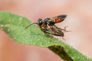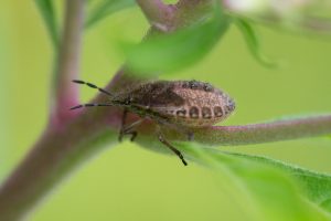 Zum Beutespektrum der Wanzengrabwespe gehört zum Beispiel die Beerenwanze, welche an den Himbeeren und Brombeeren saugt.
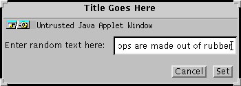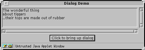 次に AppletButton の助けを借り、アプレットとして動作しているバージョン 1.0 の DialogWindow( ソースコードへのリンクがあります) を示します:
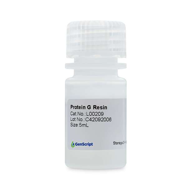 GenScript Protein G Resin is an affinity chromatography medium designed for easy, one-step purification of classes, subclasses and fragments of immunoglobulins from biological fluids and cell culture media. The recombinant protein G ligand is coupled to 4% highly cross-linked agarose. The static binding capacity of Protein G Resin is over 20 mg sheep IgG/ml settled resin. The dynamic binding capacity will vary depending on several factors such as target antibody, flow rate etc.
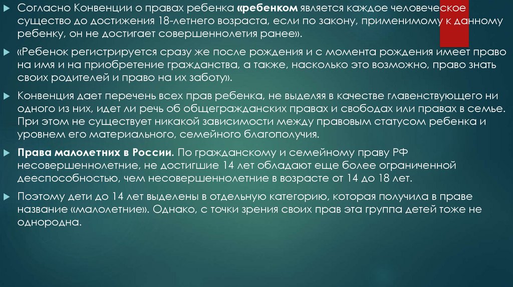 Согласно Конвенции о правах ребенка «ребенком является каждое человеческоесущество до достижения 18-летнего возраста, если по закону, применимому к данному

▬▬▬▬▬▬▬▬▬▬

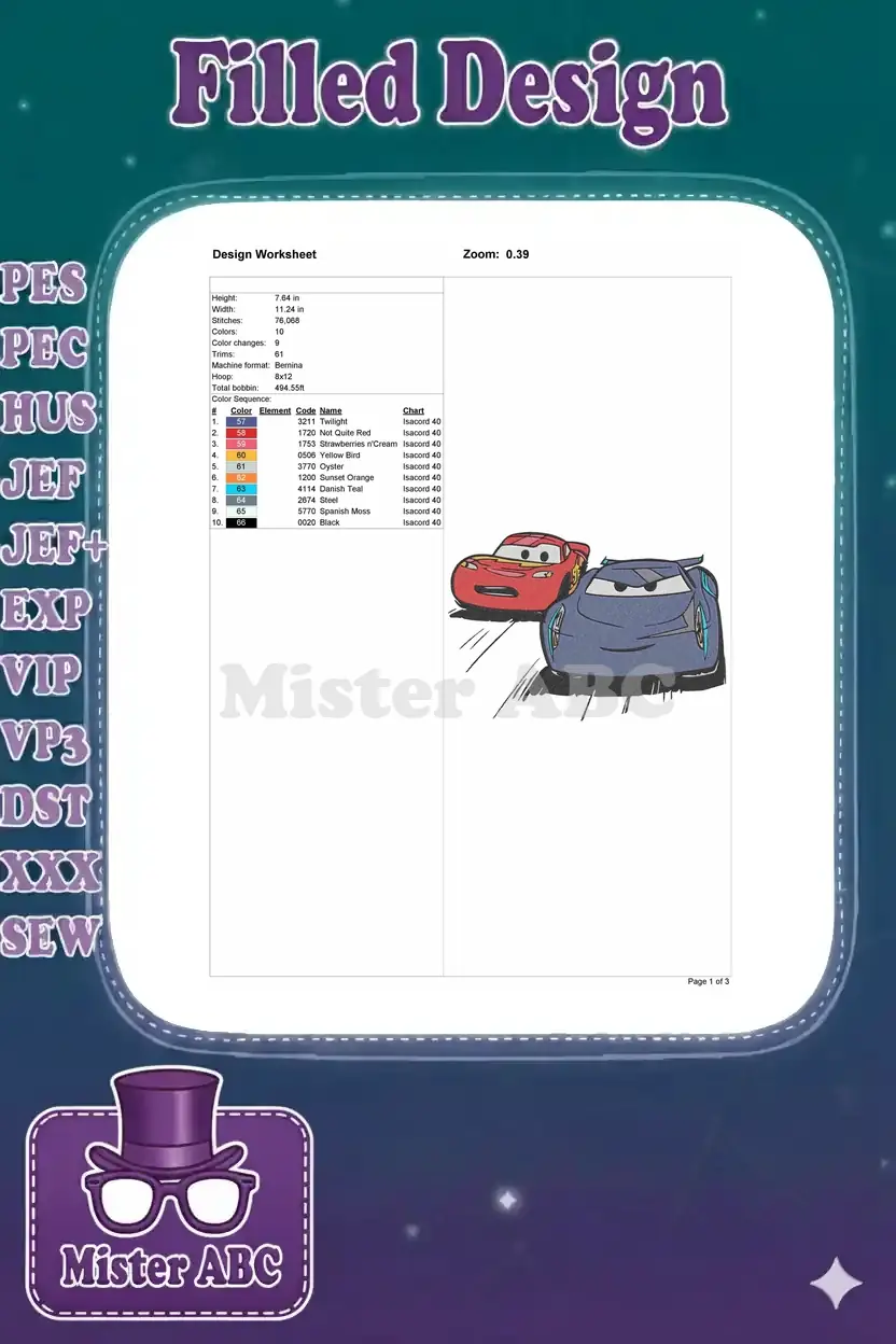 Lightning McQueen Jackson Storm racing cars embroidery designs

▬▬▬▬▬▬▬▬▬▬

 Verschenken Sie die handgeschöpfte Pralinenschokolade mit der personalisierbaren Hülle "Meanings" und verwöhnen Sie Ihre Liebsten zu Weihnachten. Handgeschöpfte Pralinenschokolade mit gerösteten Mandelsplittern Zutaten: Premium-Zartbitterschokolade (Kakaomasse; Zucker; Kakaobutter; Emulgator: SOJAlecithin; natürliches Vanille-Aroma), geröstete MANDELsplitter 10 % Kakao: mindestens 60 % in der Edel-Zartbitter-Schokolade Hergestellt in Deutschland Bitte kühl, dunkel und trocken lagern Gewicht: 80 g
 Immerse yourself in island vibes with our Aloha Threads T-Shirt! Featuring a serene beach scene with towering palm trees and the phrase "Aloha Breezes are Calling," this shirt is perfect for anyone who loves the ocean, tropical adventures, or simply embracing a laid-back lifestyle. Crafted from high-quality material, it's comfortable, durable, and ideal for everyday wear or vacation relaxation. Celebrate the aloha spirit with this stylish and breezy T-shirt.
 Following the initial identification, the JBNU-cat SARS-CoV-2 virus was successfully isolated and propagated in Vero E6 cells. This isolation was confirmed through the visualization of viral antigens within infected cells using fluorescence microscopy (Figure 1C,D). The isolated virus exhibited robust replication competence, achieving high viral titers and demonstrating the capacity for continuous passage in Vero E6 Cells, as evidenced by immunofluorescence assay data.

▬▬▬▬▬▬▬▬▬▬

• WHAT IS REQUIRED
Look above for the line containing "Verschenken Sie die" and the line containing "Following the initial". Transcribe both, with the lines between them, exactly.

• YOUR RESPONSE
 Verschenken Sie die handgeschöpfte Pralinenschokolade mit der personalisierbaren Hülle "Meanings" und verwöhnen Sie Ihre Liebsten zu Weihnachten. Handgeschöpfte Pralinenschokolade mit gerösteten Mandelsplittern Zutaten: Premium-Zartbitterschokolade (Kakaomasse; Zucker; Kakaobutter; Emulgator: SOJAlecithin; natürliches Vanille-Aroma), geröstete MANDELsplitter 10 % Kakao: mindestens 60 % in der Edel-Zartbitter-Schokolade Hergestellt in Deutschland Bitte kühl, dunkel und trocken lagern Gewicht: 80 g
 Immerse yourself in island vibes with our Aloha Threads T-Shirt! Featuring a serene beach scene with towering palm trees and the phrase "Aloha Breezes are Calling," this shirt is perfect for anyone who loves the ocean, tropical adventures, or simply embracing a laid-back lifestyle. Crafted from high-quality material, it's comfortable, durable, and ideal for everyday wear or vacation relaxation. Celebrate the aloha spirit with this stylish and breezy T-shirt.
 Following the initial identification, the JBNU-cat SARS-CoV-2 virus was successfully isolated and propagated in Vero E6 cells. This isolation was confirmed through the visualization of viral antigens within infected cells using fluorescence microscopy (Figure 1C,D). The isolated virus exhibited robust replication competence, achieving high viral titers and demonstrating the capacity for continuous passage in Vero E6 Cells, as evidenced by immunofluorescence assay data.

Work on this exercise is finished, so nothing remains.